Programming

Soft deletion explained in PostgreSQL - and how to implement it

Markus

Oct 8, 2024 — 7 min read

In the world of database management, much of your data is most likely never actually deleted. The concept of deletion has evolved over time.

Enter soft deletion - a well-known technique that's changed how we think about data lifecycle management. This post explores the ins and outs of soft deletion, its benefits, and how to implement it effectively.

What is Soft Deletion?

Imagine you're managing a bustling digital library. Instead of permanently removing books from your shelves (hard deletion), soft deletion is like moving them to a special reserved section. They're out of the main circulation, but still accessible if needed.

In technical terms, soft deletion involves marking records as deleted in the database, rather than permanently removing them. This is typically achieved by adding a boolean flag or better, a timestamp to indicate when a record was "deleted."

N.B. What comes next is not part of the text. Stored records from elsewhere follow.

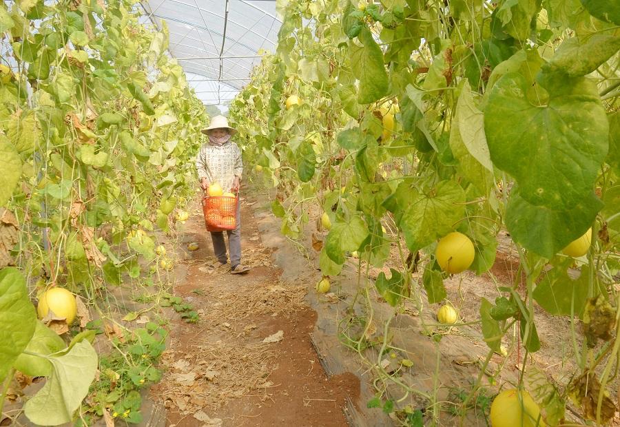 Mô hình trồng dưa trong nhà màng ở xã Trung Nam.
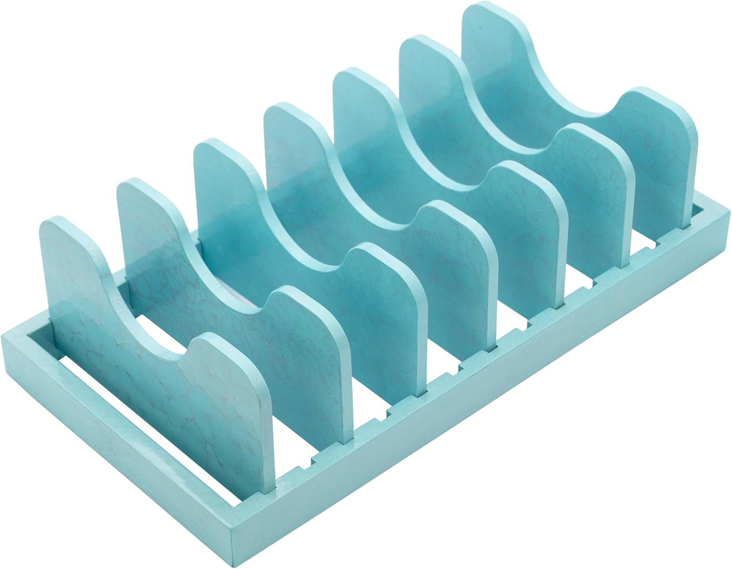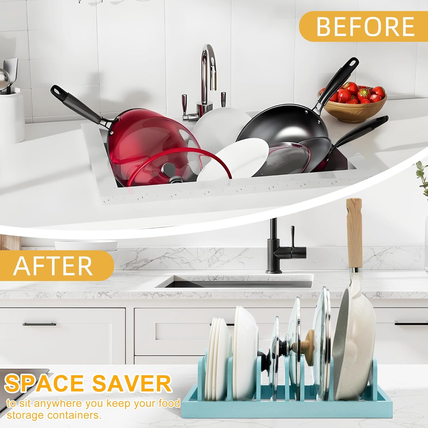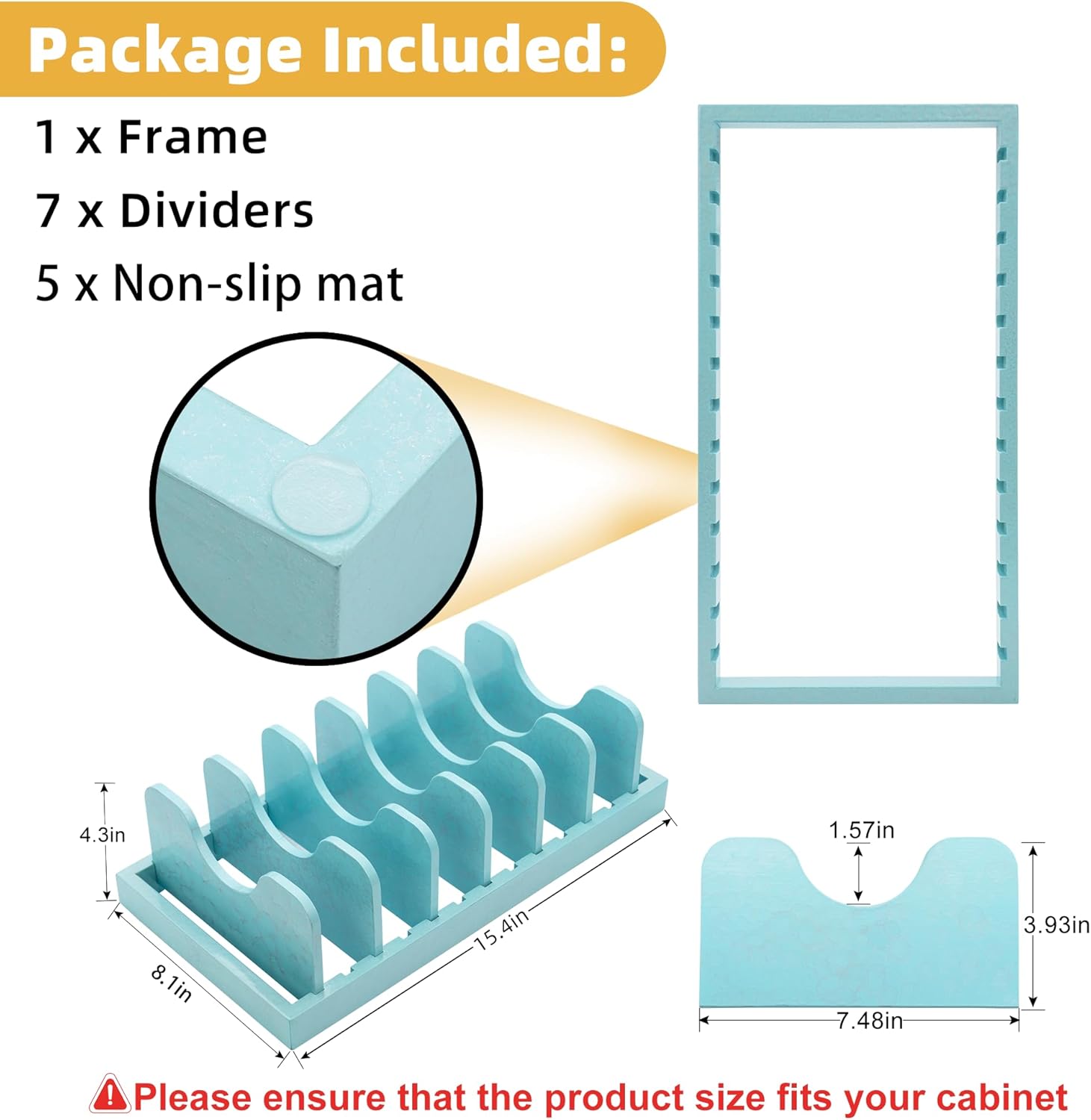 MinBoo Bamboo Pot Lid Organizer Pot Lid Holder, Pot and Pan Organizer Drawer Organizer for Pot Lids, Pans, Dinner Plates, Reusable Containers in Cabinet Storage,Blue
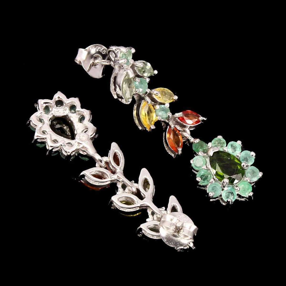 925 STERLING SILVER;PLATE14K WHITE GOLD;MAIN STONE-CHROME DIOPSIDE;OTHER GEMS-EMERALD,SAPPHIRE;TOTAL WEIGHT-41.02 CT (TOTAL WEIGHT OF SILVER + STONE)DIMENSION* STONE 2.0 TO 7.0 X 5.0 MM. * FACE EARRINGS 37.0 X 11.0 MM.MAIN STONE SHAPEPEAR CUTMAIN STONE COLORTOP RICH GREENCLARITY/GRADEIF TO VVSLUSTERGORGEOUSTREATMENTUNHEATEDORIGINRUSSIAHARDNESS5.0 - 9.0
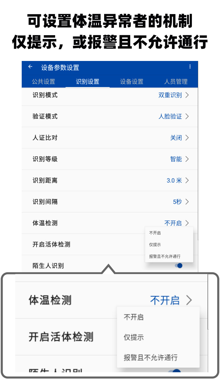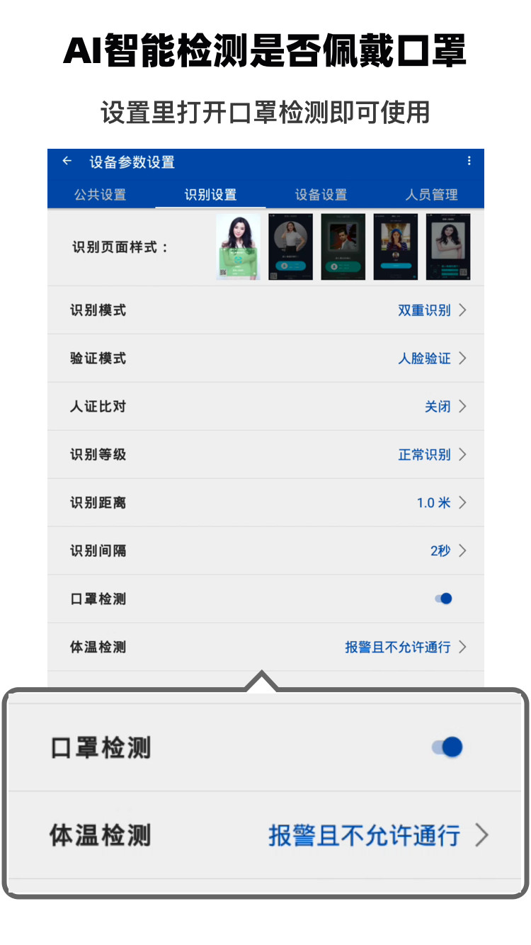 检测距离 识别距离是0.5米~3米,开启测温模式是1米内
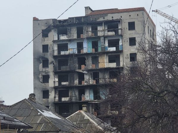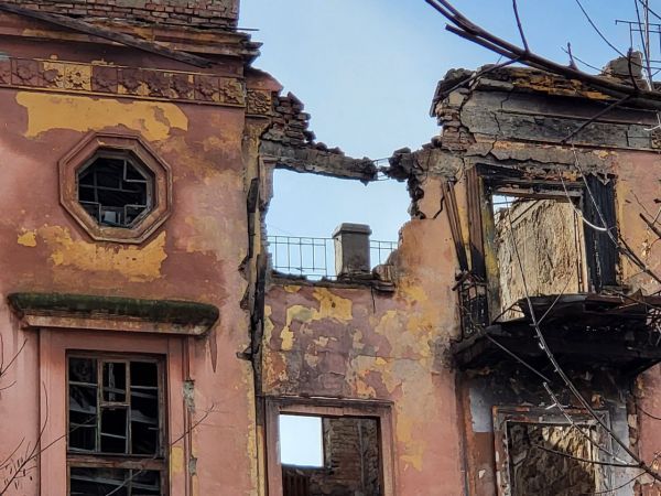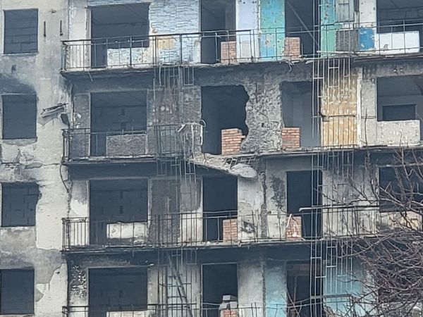 «Азовсталь» у всех на слуху. Улица Азовстальская ведет к комбинату. Дома на ней пострадали больше всего. Пустые проемы, отсутствия крыш, зияющие выщерблены и пробоины.
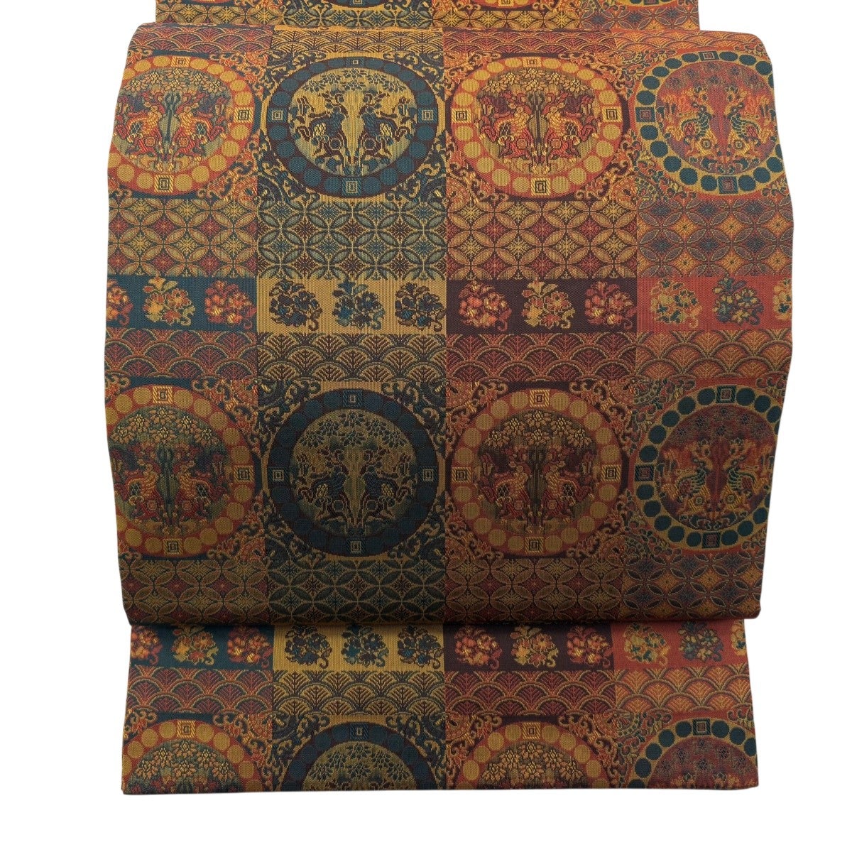 【美品】 開き名古屋帯 秀品 動物 七宝 赤茶 正絹
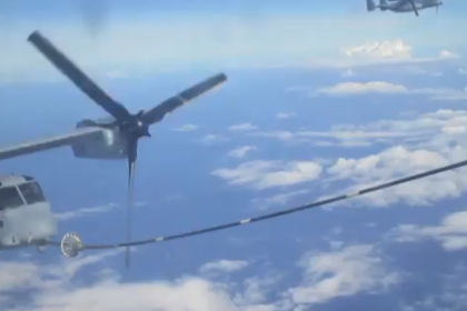 Watch U.S. Marine Corps Osprey tilt-rotor aircraft (supported by KC-130s) set new distance record
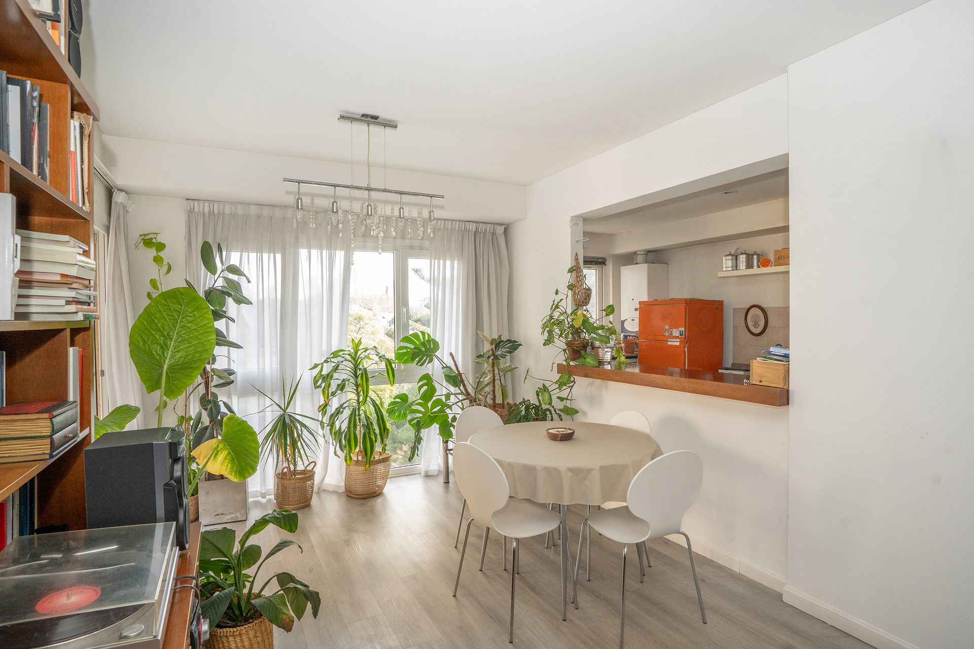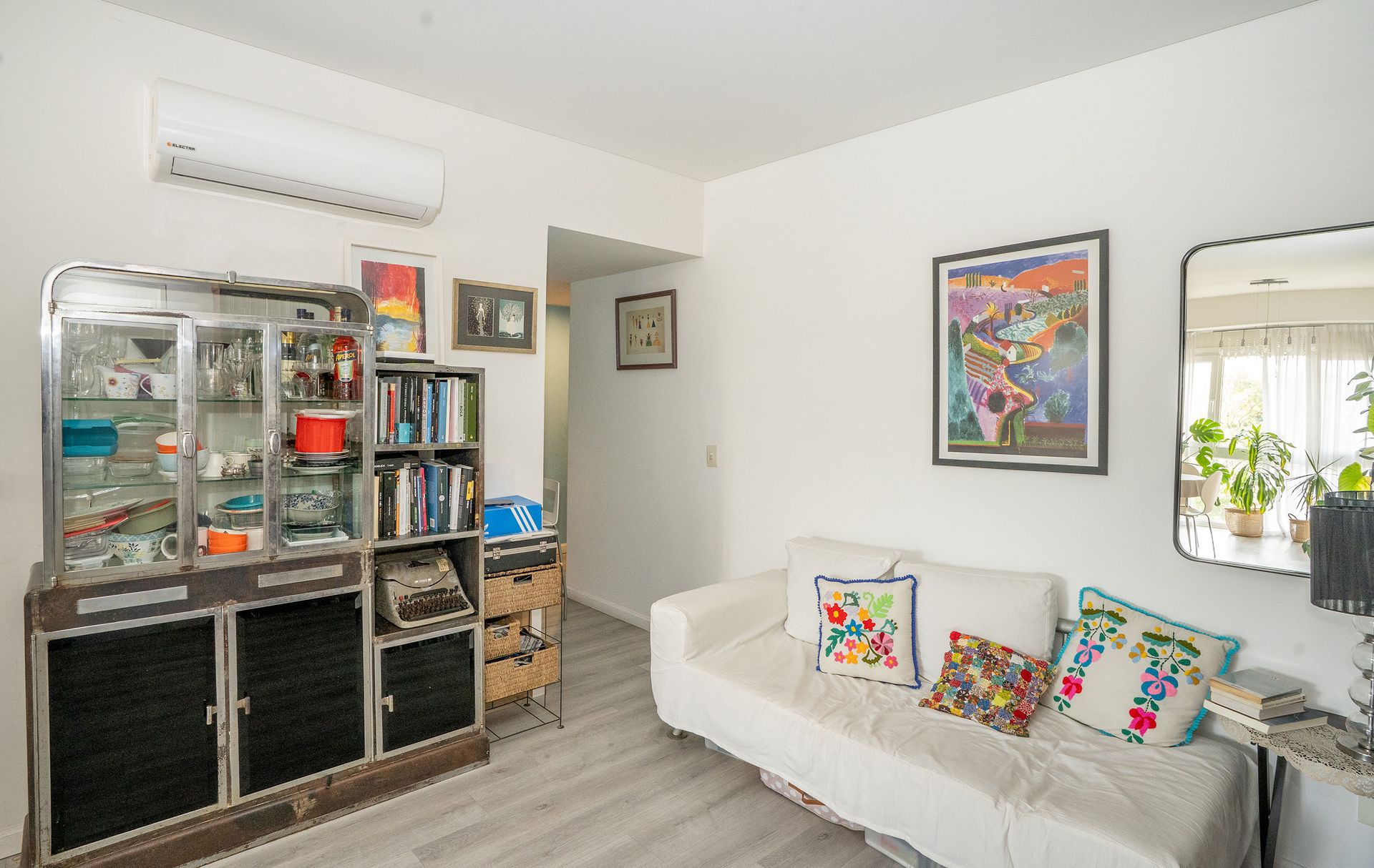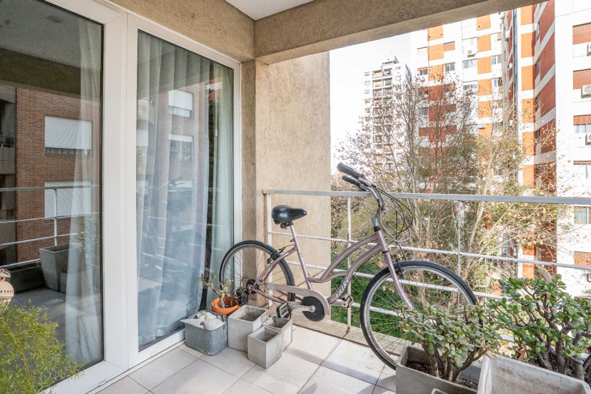 El amplio estar se abre al balcón en esquina, con cocina integrada equipada con barra y conexión para lavarropas. En el mismo nivel se ubica un toilette. El dormitorio dispone de ventanal que da al balcón, un pequeño vestidor y baño completo en suite.
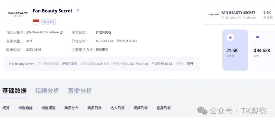 那我们回到Fan Beauty品牌在TikTok的销售额,看看卖了多少呢?由于Fan Beauty Diary我们在第三方数据平台暂未搜到其店铺,但是我们搜索到,Fan Beauty Secret(经查询也是Fan的自有品牌),在TikTok印尼站点,是有销量记录的。我们直接看下结果:
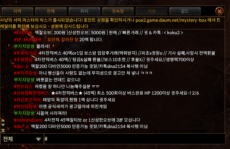이 게임의 민낯 ㅋㅋ 전체쳇에 사람은 없고 광고쟁이들만 득시글 거리고 얼엑게임인데 게임내에서 공식새끼가 랜덤박스 광고질
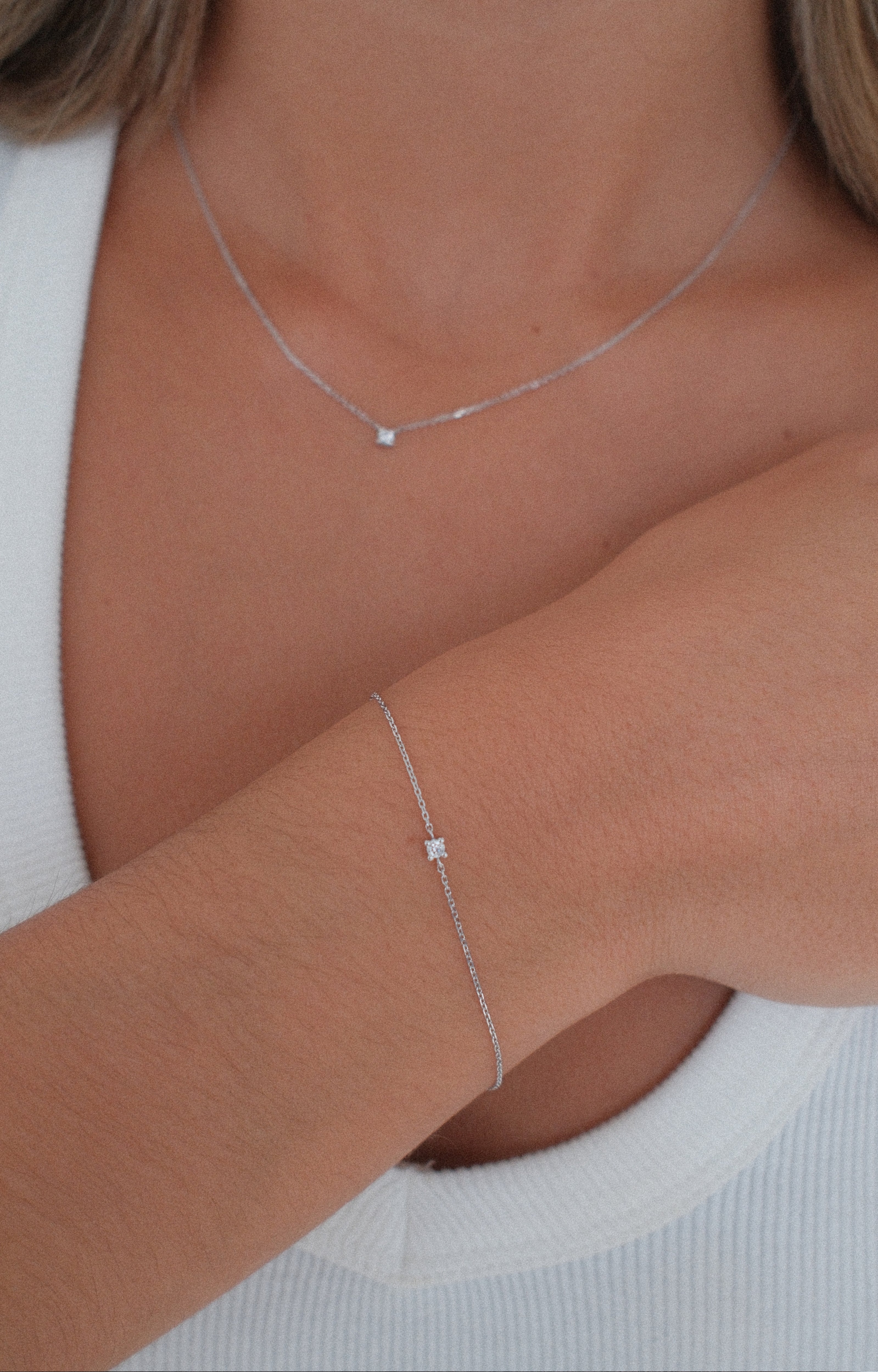 Add a touch of timeless elegance to your special day with our Newport Mini Diamond Bracelet, thoughtfully crafted as part of our exclusive Bridal Collection. This piece features a single petite square diamond in a minimalist band — perfect for brides seeking understated sophistication. Whether worn alone or layered with other pieces for a personalised look, this bracelet is designed to complement your wedding ensemble and remain a cherished keepsake long after “I do.”

The Advantages of Going Soft (on Deletion)

Data Recovery: Accidentally deleted important information? With soft deletion, recovery is just a database query away.
Audit Trails: Maintain a complete history of data changes, crucial for compliance and forensic analysis.
Performance Optimization: Avoid the potential performance hit of cascading deletes in large, complex datasets.
Trend Analysis: Analyze historical trends including "deleted" data, providing a more complete picture of your data over time.
Enhanced User Experience: Allow users to recover their own deleted data, adding a layer of forgiveness to your application.

How Soft Deletion Works

Deletion Flag: Add a boolean column (e.g., is_deleted) or a timestamp column (e.g., deleted_at) to your tables.
Modified Queries: Instead of using DELETE statements, update the deletion flag to mark records as deleted.
Filtered Results: Adjust SELECT queries to exclude "deleted" records by default.
Recovery Mechanism: Implement a process to "undelete" by resetting the deletion flag.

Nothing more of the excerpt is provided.